PHILLIP: Now we will hear more directly from the president later today. He's going to be going over to the Pentagon and then later to Pennsylvania. I'm sure we'll have plenty of opportunities to hear directly from him a little bit about, especially on the pending issues on the Hill, what he thinks about it and how he thinks those issues ought to be resolved.

[09:05:06] BERMAN: Abby Phillip for us at the White House.

There's a great deal of confusion about that all of a sudden this morning.

HARLOW: Yes. Huge.

BERMAN: But not only is he contradicting his own chief of staff, he seems to be undercutting an effort from the Republican House leadership to pass a temporary spending plan to keep the government open. Everyone is confused now where the president stands.
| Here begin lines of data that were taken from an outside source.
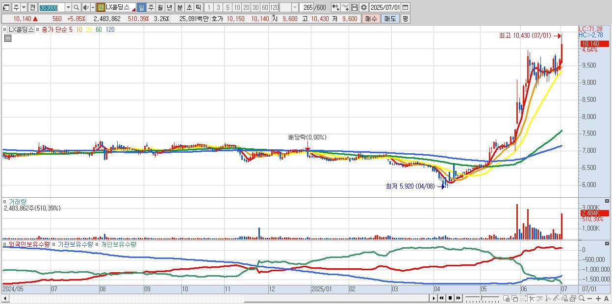 - LX홀딩스 (10,000원 ▲ 4.38% , 시총: 7,628억, 거래량: 1,443,435, 거래대금:146억, KOSPI)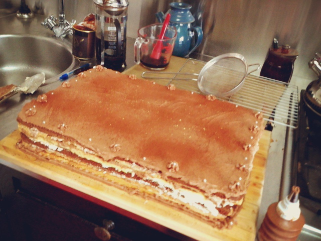 I took a week to bake a cake. Each evening I made one component of it and, on Saturday, with parts assembled, it became a most delicious 12 layer mocha cake. It was a cake I had offered to bake for a friend’s 40th birthday. I enjoy a cake challenge and must admit, I was particularly satisfied with this one. I had a cake in my mind’s eye, [wife edits: my mind’s tasting eye – is there such a thing? It would look weird I’m sure if there was one], and slowly, very slowly, small efforts over limited time, and voila, a masterpiece of European elegance and sophistication with North American proportions – it was to feed 50 people after all.   And it did.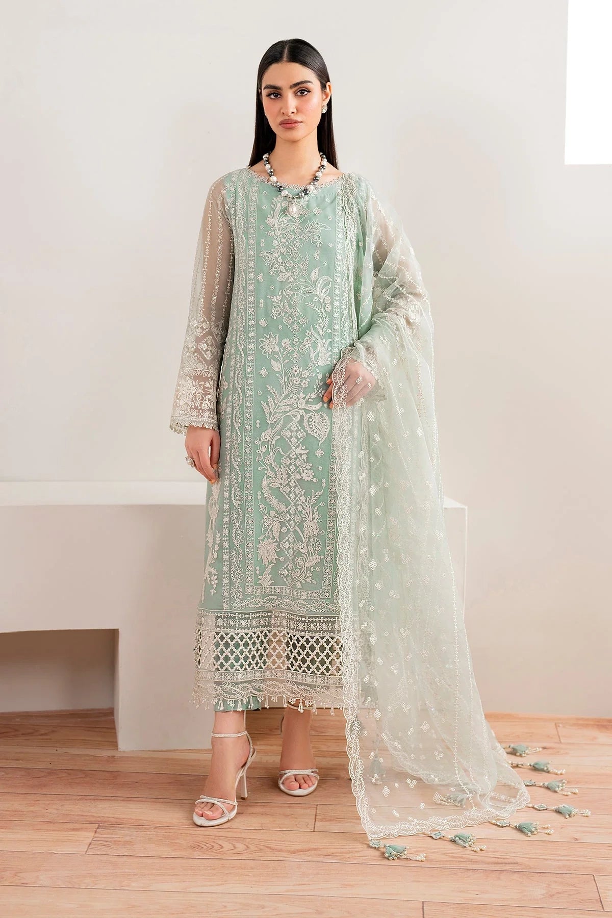 Dupatta: Paired with a luxurious Embroidered Organza Dupatta (2.70 yards) for a voluminous and graceful drape.

Let's go to Suzanne Malveaux on Capitol Hill for the very latest on that -- Suzanne.

SUZANNE MALVEAUX, CNN NATIONAL CORRESPONDENT: Good morning, John and Poppy. Could a president's tweet undermine essentially and blow up the negotiations for the short-term spending bill? Very possibly.

In the next 24 hours, the president reversing his position. And this is what Republicans have been worried about for days now, tweeting out this morning -- I'm going to read this to you -- that CHIP, that is the Children's Health Insurance Program, should be a part of a long- term solution, not a 30-day or short-term extension. Why this is so important. You had House Republicans crafting what they thought they could get support for on the House side and the Senate side by providing six years of funding to this critical program.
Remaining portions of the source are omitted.